(Data)

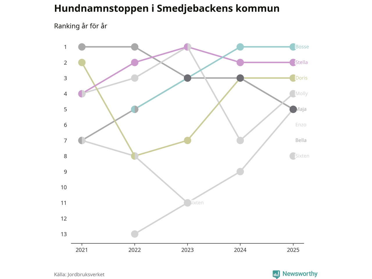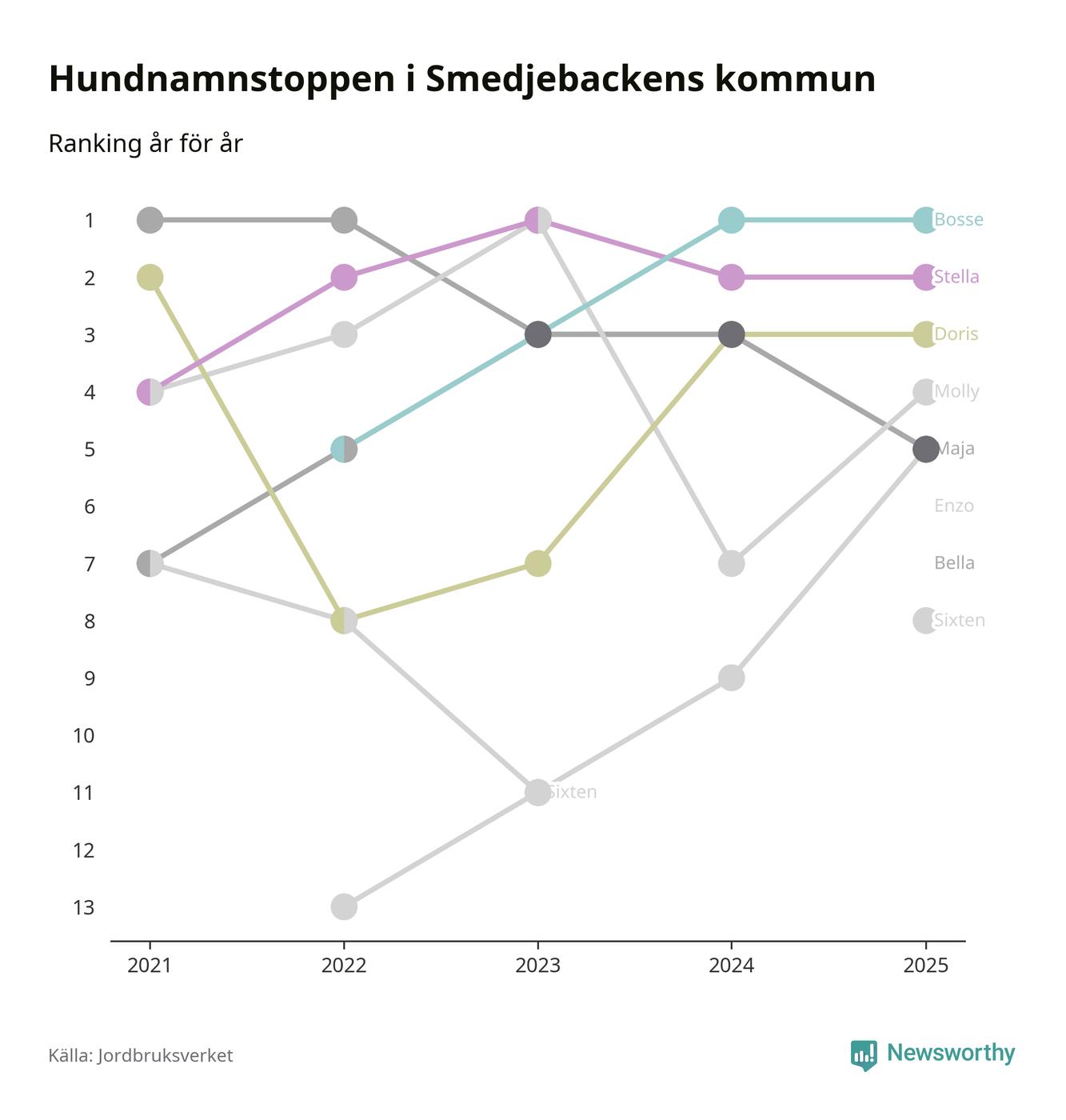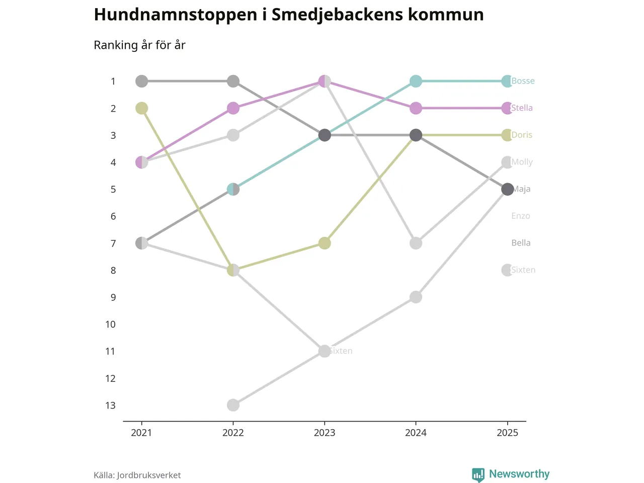 I hela landet är Molly det ohotat populäraste tilltalsnamnet för hundar sedan flera år, följt av Bella och Charlie. Något av de tre namnen toppar listan i 243 av 290 kommuner, och de har varit de vanligaste namnen sedan åtminstone 2018. Men det fjärde populäraste namnet, Doris, knappade in på ledartrion och kommer snart kunna utmana Charlie om tredjeplatsen, om trenden håller i sig.
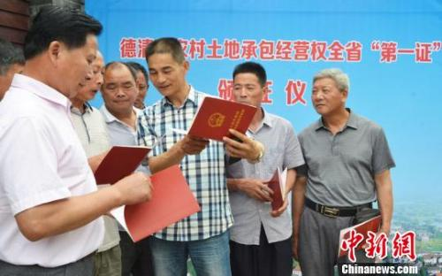资料图:村民代表领到了新的农村土地承包经营权证王力中提供
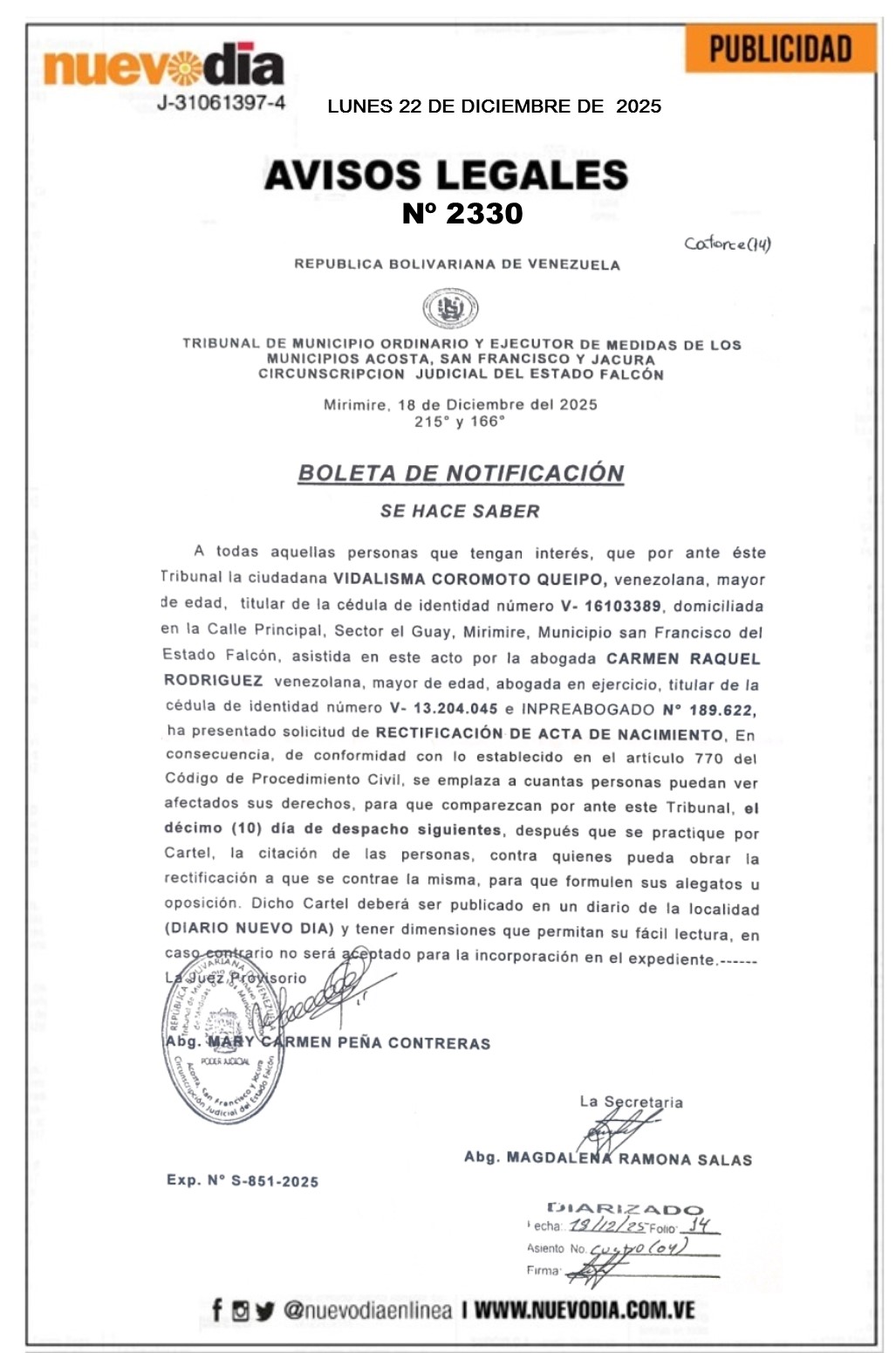 InicioPublicidadLegales PublicidadLegales Cartel de Notificación.Vidalisma Coromoto Queipo. 22/12/2025 FacebookTwitterPinterestWhatsApp 2330. 22-12-2025 Cuota FacebookTwitterPinterestWhatsApp Artículo anteriorBravos y Cardenales clasificados al Round Robin 25-26Artículo siguienteCartel de Notificación.Jeremia Antonio Queipo. Mercadeo NuevoDia Noticias Relacionadas Legales Cartel de Notificación.Jeremia Antonio Queipo. Legales Cartel de Notificación.Oswaldo Arcangel Sánchez Bravo. Legales Edicto.Miguel Segundo Nava. Redes Sociales20,299FansMe gusta112,425SeguidoresSeguir4,600SuscriptoresSuscribirte Últimas noticias Destacadas Buque de Chevron zarpó con petróleo venezolano a EE.UU. Destacadas Así inicia el precio del dólar esta semana Cargar más
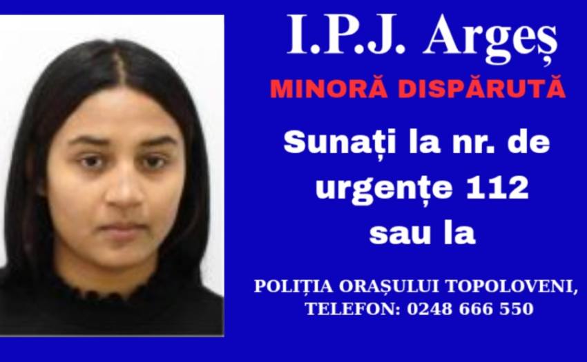 Persoanele care pot da relații cu privire la minora în cauză sunt rugate să apeleze Serviciul Național Unic Apeluri de Urgență 112 sau Poliția Orașului Topoloveni, la telefon 0248 666 550”, transmite IPJ Argeș.
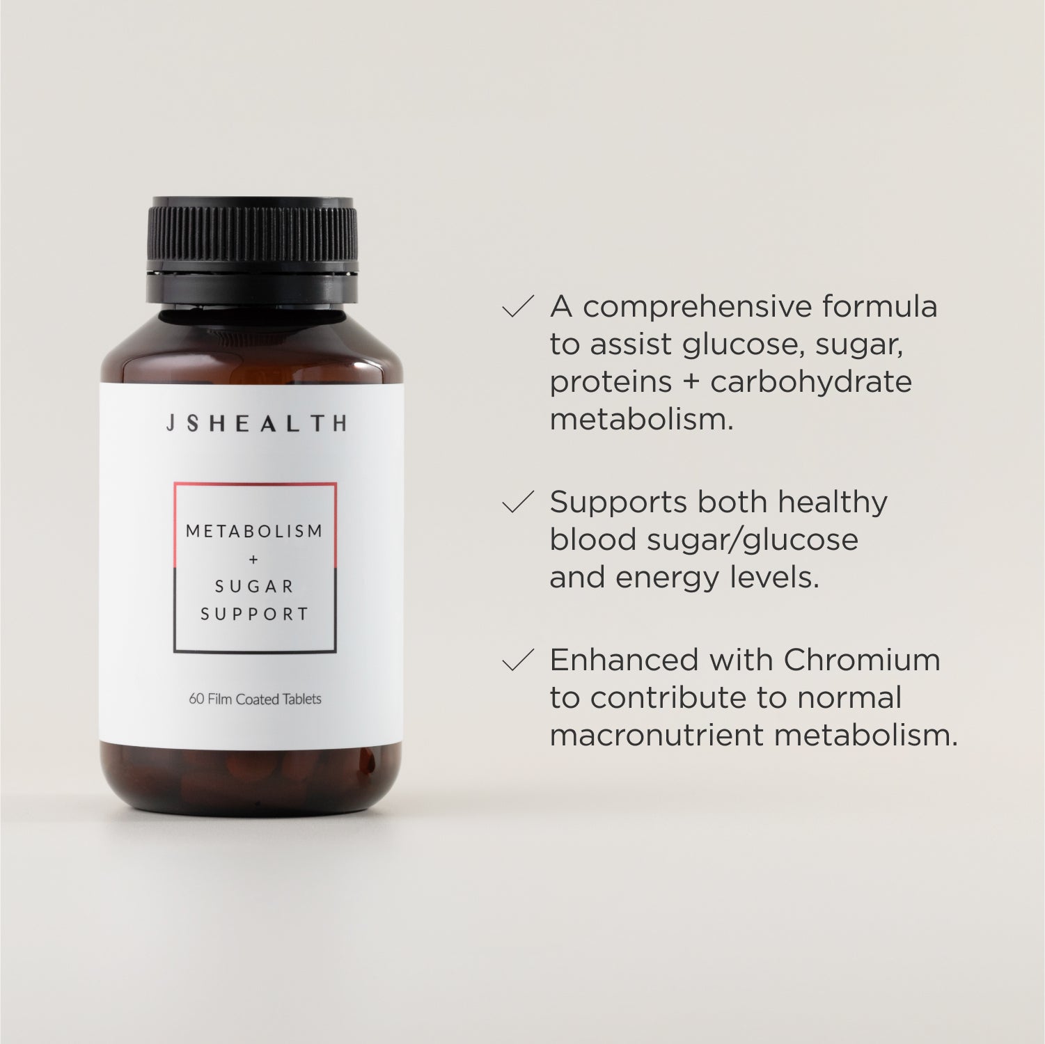 The JSHealth Metabolism + Sugar Support formula contains Chromium, Magnesium, Zinc, Cinnamon and Gymnema.
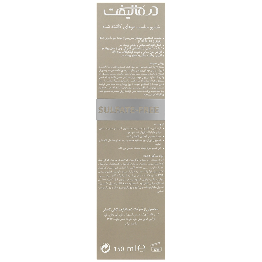 شرکت کیمیا فارمد گیتی گستر، پس از سال ها تحقیق و بررسی و با همکاری کارشناسان زبده و مجربخارجی برای اولین بار در ایران موفق به تولید شامپو نسل جدید درمالیفت مناسب موهای کاشته شده گردیده است.
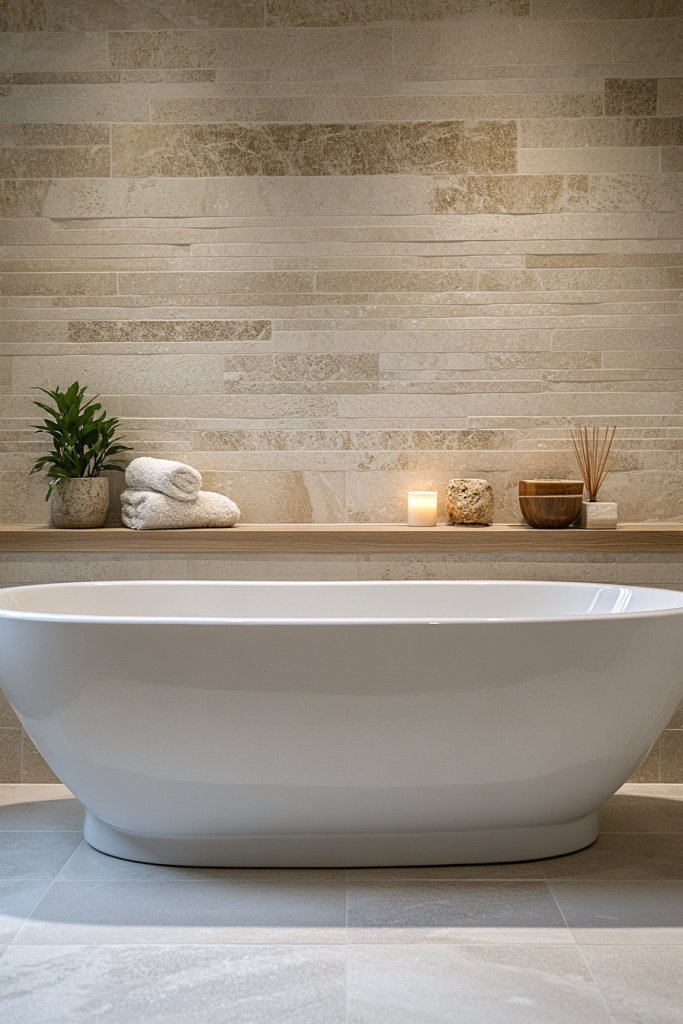 Imagine neutral tones—soft taupe, gentle greys, and warm whites—complemented by natural textures like stone and wood. Keep surfaces uncluttered, with sleek fixtures and minimal accessories. Incorporate natural elements like smooth pebbles, bamboo accessories, or organic-shaped ceramics to evoke a sense of calm. Soft, diffused lighting and water features—like a small fountain—enhance the tranquil ambiance, making it a true retreat.
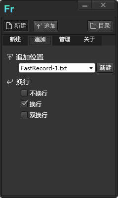 复制文本生成TXT文件(FastRecord),它能够将复制的文本自动生成TXT文本文件,让你不用手动转换了,追加位置还可设置换行、不换行、双换行模式等功能,有需要的赶紧来下载使用吧。
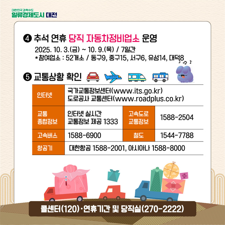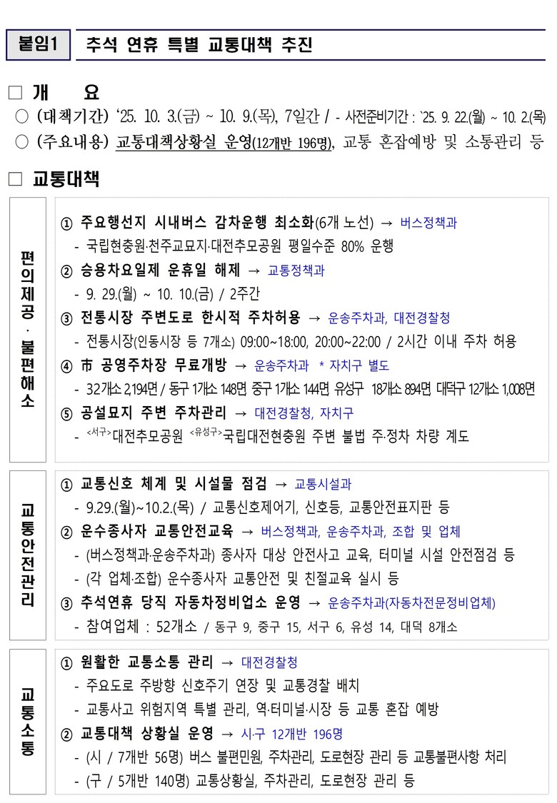 장거리 운행 중 고장에 대비해 동구·중구·서구·유성구·대덕구에서 총 52개 당직 자동차정비업소가 운영되며, 운수종사자를 대상으로 한 교통안전·친절교육과 교통시설물 사전 점검도 이미 완료됐다.

(End Data)

- Exercise brief -
Starting with the first line of the material, print each line exactly until you have printed the line with "资料图:村民代表领到了新的农村土地承包经营权证王力中提供", and skip the pictures.

- Task solution -
 I hela landet är Molly det ohotat populäraste tilltalsnamnet för hundar sedan flera år, följt av Bella och Charlie. Något av de tre namnen toppar listan i 243 av 290 kommuner, och de har varit de vanligaste namnen sedan åtminstone 2018. Men det fjärde populäraste namnet, Doris, knappade in på ledartrion och kommer snart kunna utmana Charlie om tredjeplatsen, om trenden håller i sig.
资料图:村民代表领到了新的农村土地承包经营权证王力中提供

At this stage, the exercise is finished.